He descubierto las letras naufragando en un libro de Gabriel García Márquez, que, como una tabla perdida en el océano, dio caza a la desorientación que desganaba mis pasos. En él también narra Gabo un naufragio y al dar vuelta las hojas, logra el olfato embeber su conciencia con el aroma seco de la sal, oyen el canto de las aves los oídos acostumbrados a las sirenas y los disparos; y tiembla de frío e incertidumbre el lector al llegar la noche escrita, que eclipsa el fulgor del sol maullando en las esquinas.
Tal vez la cercanía entre el marino de ocasión - hijo de la pluma colombiana - que sobrevive a la inclemencia de la marea y la distancia y mi concepción simbólico personal del momento que transcurría mi vida, fue lo que me acercó a intentar el misterio. Aquel de la tinta pariendo mujeres, batallas eternas, mundos lejanos y locos memorables.
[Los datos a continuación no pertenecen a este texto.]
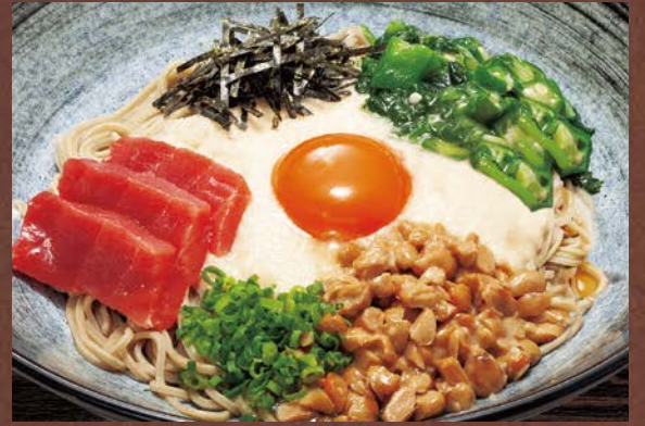
本まぐろネバネバそば 1,480円(税込)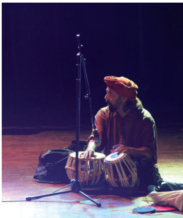
Festival Universitaire du Patrimoine des Civilisations

El oscuro arte de forjar ventanas de bolsillo para que los niños carguen en sus viajes, desde las que puedan asomar sus pequeñas cabezas y dar cuenta de que, irremediablemente, han nacido en este mundo, pero no ha quedado atrás la posibilidad de ir a jugar en los jardines de otros.
Hoy navego con aquel interrogante, que “Relato de un náufrago” acercó a la orilla de mis descubrimientos, posado en el horizonte, surcando un mar desconocido sobre un bote a medio construir, tejido con maderas propias y ajenas, buscando al hermano escritor que me incitó a domar el oleaje vasto e imprevisible de la literatura.